# new $\arctan$ series working for any $x$?

Using Log series, we can write:

$$\frac{1}{2 i} \left( \text{Log} \left( 1 + e^{\text{i2t}} \right) - \text{Log} \left( 1 + e^{\text{-i2t}} \right) \right) = \frac {1} {2 i}\left ( \sum _ {k = 1}^{\infty}\frac {(-1)^{k + 1}} {k} e^{\text{i2t}^k} - \sum _ {k = 1}^{\infty}\frac {(-1)^{k + 1}} {k} e^{-\text{i2t}^k} \right)$$ $$\frac {1}{2 i} \text {Log} \left( \frac{1 + e^{\text {i2t}}}{1 + e^{-\text {i2t}}} \right) = \frac{1}{2 i} \sum_{k = 1}^{\infty}\frac{(-1)^{k + 1}}{k} \left( e^{\text{i2kt}} - e^{-\text{i2kt}} \right)$$ $$\frac {1}{2 i} \text {Log} \left( \frac{e^{\text{i2t}} \left( e^{-\text{i2t}}+1 \right)}{1+e^{-\text{i2t}}} \right) = \sum_{k = 1}^{\infty} \frac{(-1)^{k + 1}}{k} \left( \frac{e^{\text {i2kt}} - e^{-\text {i2kt}}}{2 i} \right)$$ $$\frac{1}{2i} \text{Log} \left( e^{\text{i2t}} \right) = \sum_{k = 1}^{\infty}\frac {(-1)^{k + 1}} {k}\text {Sin} (2kt)$$ $$t = \sum_{k = 1}^{\infty}\frac {(-1)^{k + 1}} {k}\text {Sin} (2kt)$$

Here is the plot of the sum in red with sucessive aproximations and y=t in blue:

Choosing $t = \text{ArcTan} (x)$, we have: $$\text{ArcTan} (x) = \sum_{k = 1}^{\infty} \frac {(-1)^{k + 1}} {k} \text{Sin} ( 2k \text{ ArcTan} x )$$

Using $z=1 + i x=|z| e^{i \text{arcTan}x }$ and its complex conjuguate $z^*=1 - i x=|z| e^{-i \text{arcTan}x }$, with $|z|=\sqrt{1 + x^2}$, we can write: $$\text{Sin} ( 2k \text{ Arctan} x) = \frac {z^{2 k} - z^{*2 k}} {2i |z| ^{2 k}} = \frac {(1 + ix)^{2k} - (1 - ix)^{2k}} {2i (1 + x^2)^k} = \frac{\sum_{q=0}^k (-1)^q \left( \begin{array}{c} 2k \\ 2q+1 \end{array} \right) x^{2 q+1}}{\left(1+x^2\right)^k}$$

Thus: $$\text{ArcTan} (x) = \sum_{k = 1}^{\infty} \frac {(-1)^{k + 1}} {k} \frac{\sum_{q=0}^k (-1)^q \left( \begin{array}{c} 2k \\ 2q+1 \end{array} \right) x^{2 q+1}}{\left(1+x^2\right)^k}$$

Here are the plots of $\text{ArcTan}(x)$ in blue, and successive aproximations to the classic ArcTan series $\text{ArcTan}(x)=\sum_{k = 0}^{\infty} \frac {(-1)^k} {2k + 1} x^{2k + 1}$ in green, working for $x<1$, and the one I gave in red, working for any $x$ as the sum goes to infinity:

is that result known?

• Did you at Fourier series for the first ? I do not know if these results are known but they are beautiful and very interesting.
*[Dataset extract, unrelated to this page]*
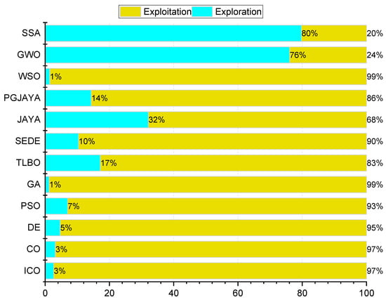 Figure 13a,b shows that, in contrast to the other algorithms, SSA and GWO exhibited a greater percentage of exploration during the iterations than exploitation. It is shown in Figure 14 that these two algorithms had average exploration-exploitation ratios of 80%:20% and 76%:24%, respectively. This was due to the high diversity in the population in these two algorithms, as shown in Figure 13c. Comparatively, the GAs and WSO provided the greatest level of exploitation capabilities, with an average value of 99%. Further evidence of this can be found in Figure 13c, demonstrating that these two algorithms were unable to provide sufficient diversity throughout the iteration process. Thus, premature convergence is one of the main weaknesses of these algorithms.

Congratulations. Go ahead. – Claude Leibovici Nov 24 '13 at 9:13
• By the way, I am in the same country. Any way to be in touch ? – Claude Leibovici Nov 24 '13 at 9:15
• Sure, @claude! my email: eddykem@gmail.com. are you french, cause I'am! – Eddy Khemiri Nov 24 '13 at 12:10

I do not know whether your series for $\arctan$ is new (it may be), but when evaluating its advantages, you should consider alternatives other than the classical McLaurin series. For example, the identity $\tan 2\theta=\frac{2\tan \theta}{1-\tan^2\theta}$ can be turned into $$\arctan x = 2\arctan \frac{x}{1+\sqrt{1+x^2}}$$ Note that the argument of $\arctan$ on the right is always less than $1$ in absolute value. Hence,
$$\arctan x = 2 \, \sum_{k=0}^\infty \frac{(-1)^k}{2k+1}\left(\frac{x}{1+\sqrt{1+x^2}}\right)^{2k+1},\quad x\in\mathbb R$$ The content of parentheses is an irrational function of $x$ but it only needs to be computed once. Partial sums up to $k=0,1,2,3$ are shown below; the purple curve is the arctangent itself.
(The horizontal window is $[0,4]$, as in your post.)